В тексте первой главы нумерация странностей находит своё прямое и строгое продолжение. Непосредственно за объявлением «первой странности» следует её развёрнутое описание — пустая аллея, во всей аллее «не оказалось ни одного человека». Затем, после диалога о Иисусе и исторических экскурсов Берлиоза, повествователь так же формально объявляет: «Тут приключилась вторая странность, касающаяся одного Берлиоза» — и описывает его сердечный приступ и видение «прозрачного гражданина». Таким образом, нумерация оказывается не пустой риторической фигурой, а строго реализованным структурным принципом. Это создаёт впечатление неукоснительной повествовательной дисциплины, почти педантичной точности рассказчика. Даже повествуя о событиях, нарушающих все законы логики и причинности, он сохраняет полный контроль и безупречный порядок в изложении. Такая контрастность между содержанием (хаос, иррациональное) и формой сообщения (системность, нумерация, порядок) является одним из фирменных, узнаваемых признаков стиля Михаила Булгакова, в котором всегда чувствуется рука не только гениального художника, но и бывшего врача, привыкшего к точности описания и классификации симптомов.
В конечном счёте, нумерация «первой», а затем и «второй» странности служит важной подготовительной функцией для появления главного агента чуда и хаоса в романе — профессора черной магии Воланда. Его появление на Патриарших прудах станет кульминацией, высшей точкой этой нумерованной серии аномалий. Примечательно, однако, что сам Воланд и его последующие действия не будут обозначены повествователем как «третья», «четвёртая» и т.д. странности. Нумерация, выполнив свою работу по подготовке почвы и структурированию ожидания, как бы обрывается, уступая место непосредственному, уже не нуждающемуся в специальных маркерах, действию потусторонних сил. Это показывает, что система странностей была лишь преддверием, прологом, своеобразным «введением в тему». Когда же тема полностью входит в повествование в лице Воланда, необходимость в её нумерации отпадает. Переход от этой нумерации к непосредственному описанию качеств «страшного майского вечера» в следующей части фразы является логическим и плавным, связывая структурный приём с эмоциональной атмосферой события.

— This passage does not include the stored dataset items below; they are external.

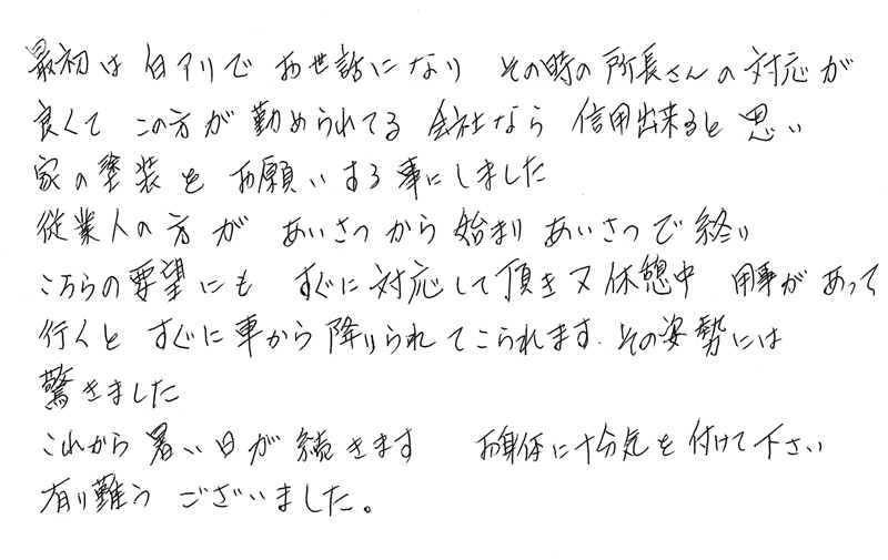 佐世保市 桑原様 2022年2月24日 最終更新日時 : 2025年12月4日 sanwagikenこの会社なら信用できると思いお願いする事にしました佐世保市 桑原様最初は白アリでお世話になり、その時の所長さんの対応が良くて、この方が勤められてる会社なら信用出来ると思い、家の塗装をお願いする事にしました。従業員の方が、あいさつから始まりあいさつで終わり、こちらの要望にもすぐに対応して頂き、又休憩中、用事があって行くとすぐに車から降りられてこられます。その姿勢には驚きました。これから暑い日が続きます。お身体には十分気を付けて下さい。有り難うございました。原文はこちら 一覧に戻る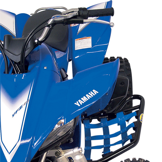 Caracteristicas: Manufactured from lightweight 1-1/4" extruded aluminum tubing Custom EZ-fit clamp brackets with silver anodized finish Wide 1-1/2" black webbing with beefy aluminum net tabs Sweep up from front to the rear for maximum ground clearance Maximum width of 50" to comply with ATVA rules Allows the use of OEM heel plate/fender extensions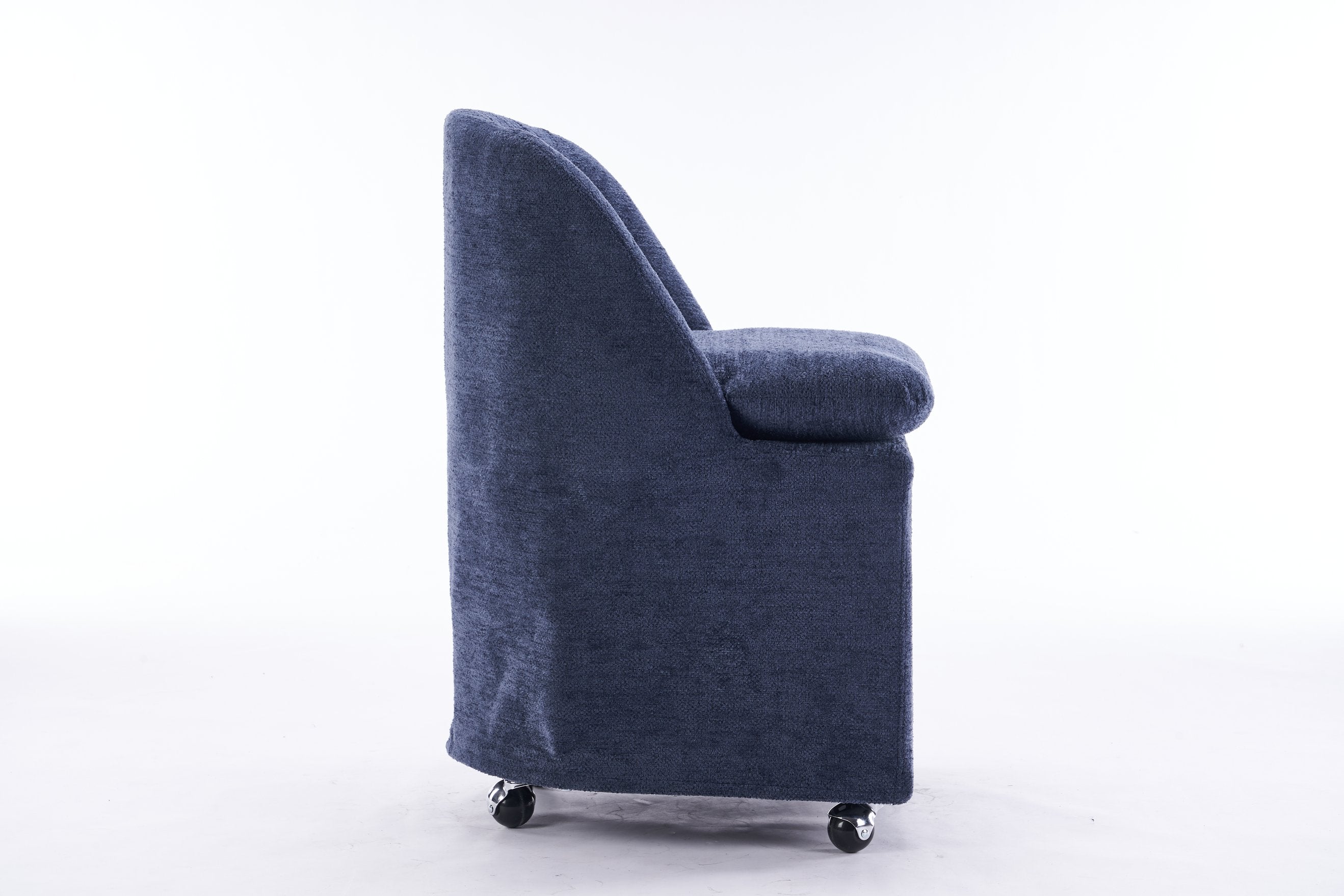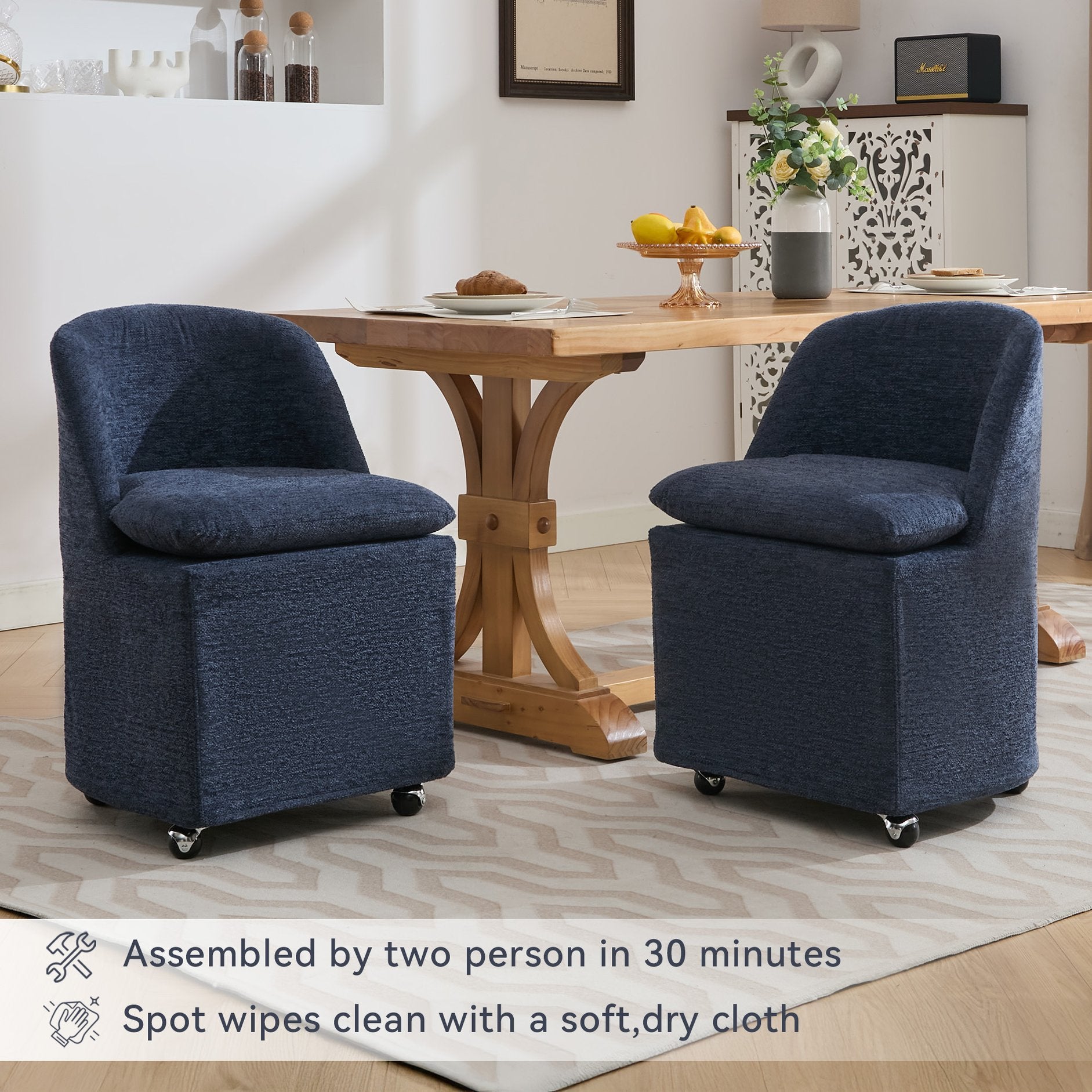 Enjoy comfortable, stylish seating with this set of two beige chenille dining chairs—designed for everyday use, smooth mobility, and easy integration into dining rooms or other indoor spaces. Plush upholstery and ergonomic contours provide supportive seating, while sturdy construction and 360° swivel casters make these chairs both practical and versatile.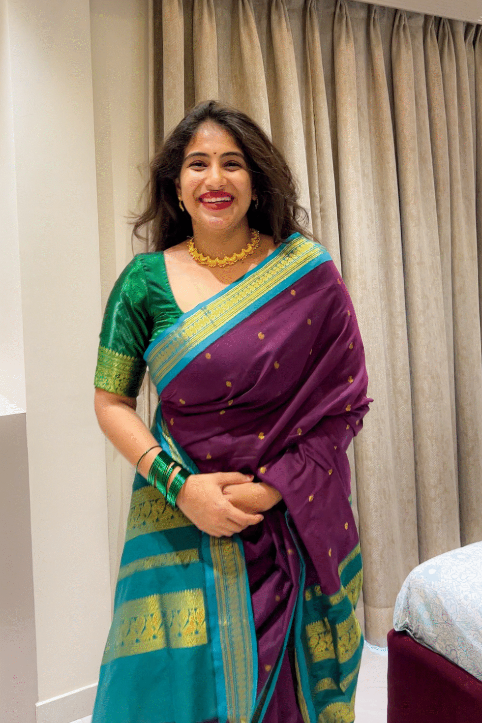 The body comes in a deep plum-purple shade symbolizing richness and poise, beautifully contrasted with a teal green border and pallu woven in golden zari for a vibrant festive appeal.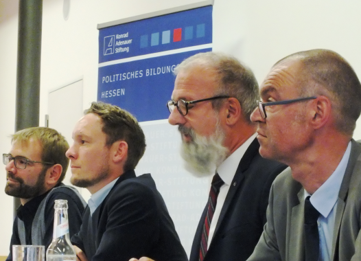 Im Mathematikum diskutierte der vor wenigen Wochen aus Berlin in die hessische Heimat zurückgekehrte Scheld mit Dr. Joachim Klose, dem Landesbeauftragten der Konrad-Adenauer-Stiftung für den Freistaat Sachsen, Dr. Manuel Becker, Politikwissenschaftler an der Universität Bonn, und 50 Teilnehmerinnen und Teilnehmern des Gießener Gesprächs der Konrad-Adenauer-Stiftung.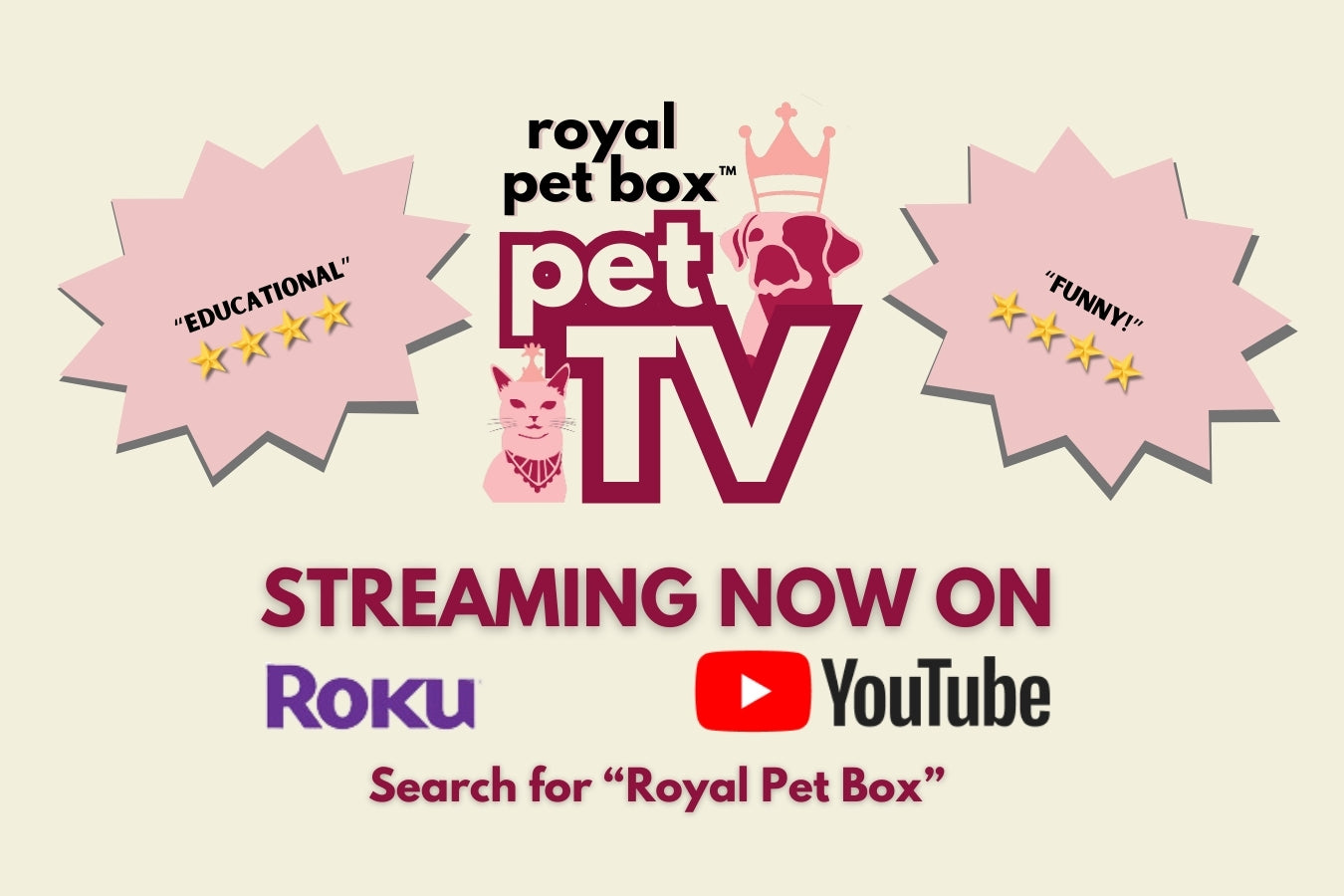 Welcome to Royal Pet Box Pet TV – your go-to destination for entertaining and educational content about animals! Whether you're curious about feline history, laughing at imaginative scenarios like aliens with pets, or learning your Animal ABCs, we've got something for every pet lover. Discover our full channel by searching Royal Pet Box on Roku or visiting us on YouTube. Join our community and explore the wonderful world of pets through our original programming. Submit episode ideas here!

Часть 4. Оценочное определение: «страшного майского вечера»
Эпитет «страшный», которым повествователь характеризует майский вечер, является главным эмоциональным и оценочным акцентом всей анализируемой фразы. Это слово снимает всякую возможную нейтральность или неопределённость с предстоящего описания, сразу задавая мощный эмоциональный вектор. «Страшный» — это не просто «необычный», «странный», «загадочный» или «тревожный». Это слово, несущее в себе прямую семантику угрозы, опасности, чего;то, что внушает ужас, страх, благоговейный трепет перед непостижимым и могущественным. Повествователь не предоставляет читателю самому сделать выводы об атмосфере вечера по совокупности деталей; он сразу, властно, даёт готовую и безапелляционную оценку. Эта оценка становится мощным фильтром, призмой, через которую читатель будет неизбежно воспринимать все последующие события главы, начиная с описания пустой аллеи и заканчивая пророчеством о смерти Берлиоза. Читатель с самого начала оказывается настроенным на ожидание чего;то ужасного, катастрофического, что придаёт даже самым невинным на первый взгляд деталям зловещий двойной смысл.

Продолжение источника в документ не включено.